I took the car for a quick test drive the other day, but it's really not safe to drive in its current condition. The front driver's wheel moves outward at the top when i depress the brakes. The brakes are also spongy. My to do list before driving is:
1. replace front suspension
2. Inspect, diagnose, and fix drum brakes
3. Add seat belts
4. Replace throttle linkage and add lokar pedal. The homemade linkage is scary and falling apart.
5. Replace trunk floor and reattach gas tank straps
6. Replace old tires with new non whitewalls.
7. Drain fuel, clean and seal tank, replace fuel filter, and replace rotting gas line and reroute away from hot exhaust gases.
8. Set valve lash, timing, and change oil.
283 engine shoehorned in place. Previous owner did this conversion in 1967. The footboxes were narrowed, custom engine mounts made utilizing c1 style front mount, and custom fiberglass transmission tunnel to clear 57 chevy manual 3 speed with overdrive.
I think an oval style air cleaner will look better. I was testing this idea out using a Roush air cleaner that i have for another build. This one does not clear, but a polished aluminum unit from billet specialties with a smaller air cleaner should.
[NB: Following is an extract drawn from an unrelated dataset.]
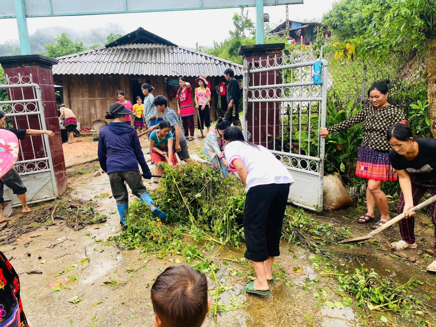 Hình ảnh: Phụ huynh điểm trường Huổi Chá 2 tham gia lao động dọn dẹp khuôn viên điểm trường

Edelbrock 8867 carb, which looks like a spread bore to me, but i could be wrong. The secondaries look much larger than the primaries. I believe only the primaries are functioning currently.
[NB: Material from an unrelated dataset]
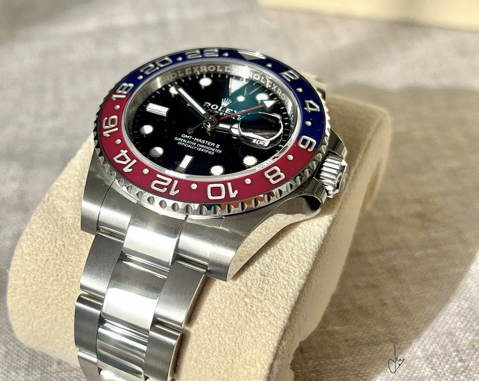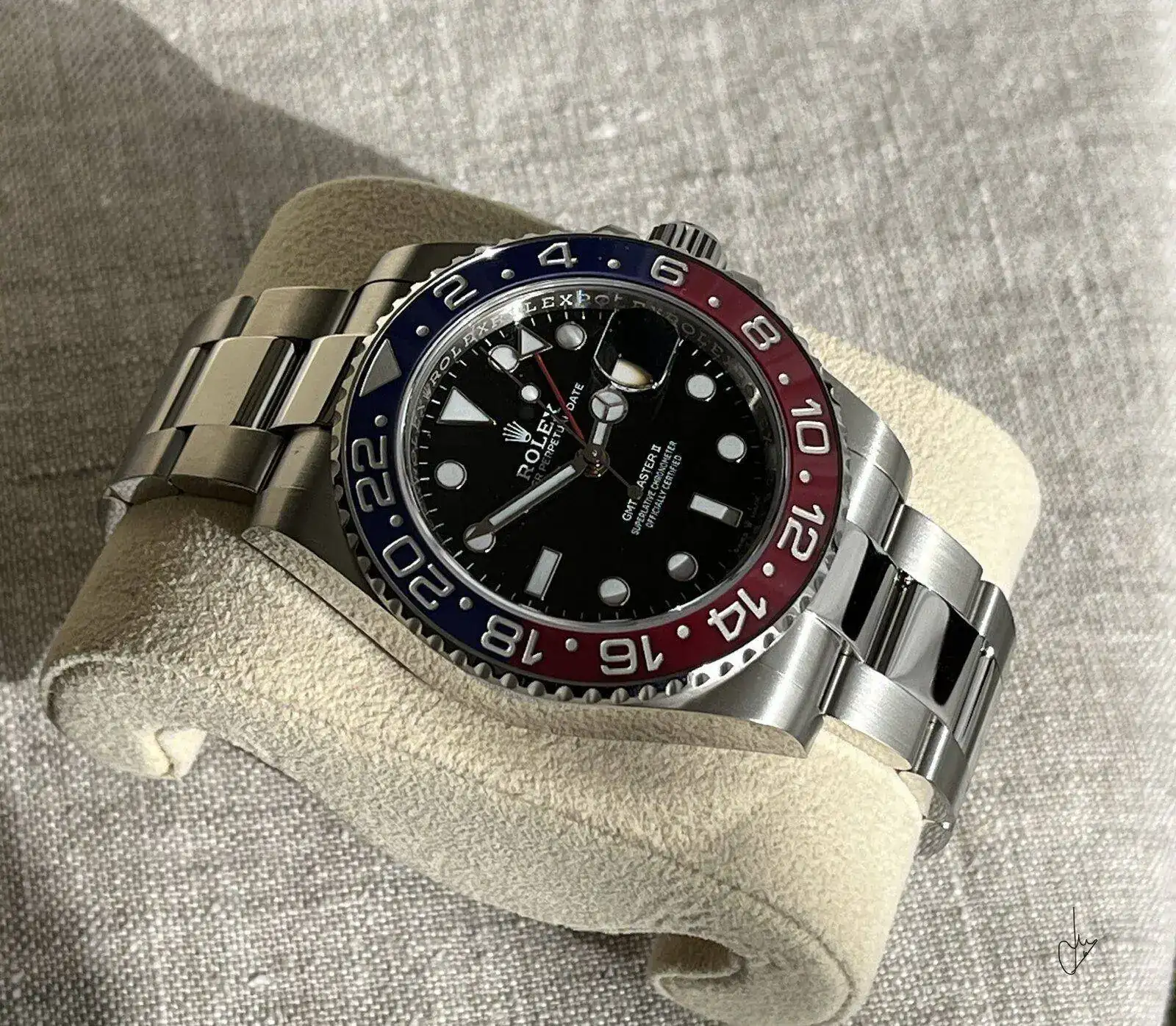 Disfrútalo para toda ocasión y sin contemplaciones. Enhorabuena!Hola a todos os presento la última incorporación a casa, el gmt máster II, llegó el día de mi cumpleaños el 8 de diciembre y por pitos o por flautas no lo presenté en ese momento. He de decir que no le estrenado todavía, esperando a que haga un mejor tiempo y no tengamos que ir con abrigos y manga larga para Que luzca bien(casi siempre ando igual con los relojes nuevos, no me les pongo hasta un cierto tiempo, cosa curiosa). Bueno y nada mas, que a falta de un buen vintage 1675, me conformo con esta preciosidad. Os dejo con unas fotos un poco así. Un saludete.

Vintage Prestolite Electronic ignition. It works, but i think i will have Lars build a distributor and switch back to a points system. The car came with 3 extra distributors and another partially melted prestolite box, so that tells me that somebody had a lot of issues with the ignition system in the past.
Original gas tank. Its in good condition overall, but the tank surround has been patched in various places and the straps pulled through at some point. Looks like somebody left the washers off the strap studs and that is what caused the issue.
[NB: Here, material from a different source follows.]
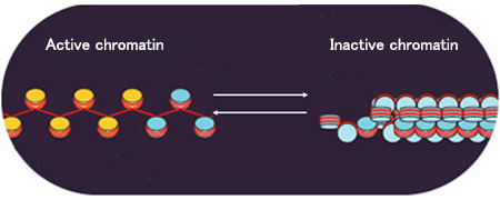 Once the chromatin structure became clear, how Drosophila gets white eyes was also elucidated. When histones are methylated at a specific site (K9), HP1 proteins bind to the methylated histones, which in turn recruit the histone methylation enzyme to methylate nearby histones. In this manner, histone K9 methylation and HP1 binding continues and spreads, causing chromatin to condense and inactivating DNA. Then, the white gene is inactivated, resulting in white eyes. Conversely, red eyes means the gene is activated, but its mechanism was not clearly known.

Custom hood made by the second owner. I guess he was going for the LeMans look. He used custom mounts and shelby hood pins to latch the hood since the original latch mechanism, which was in the middle, had to be removed for clearance of the distributor.
Overall the car is solid. It needs inner and outer rockers, a patch on the driver's rear quarter, gas tank surround/trunk floor, and a patch on the lower front inner fenders, but considering its age, that is not bad. The frame, floor boards, and rest of the body are very solid. Plus, it does not appear that this car has ever been hit. The wheel wells, fenders, quarters, and doors show no signs of repairs.
If I decide to keep the car long term, i will probably switch to a muncie 4 speed. The engine only smokes at start up and it's a quick, small plume, so that is likely just the valve guides. While i always like adding more cubic inches, the 283 should provide plenty of power when set up with aluminum heads, Edelbrock EPS dual plane intake, and a quickfuel 600cfm carb.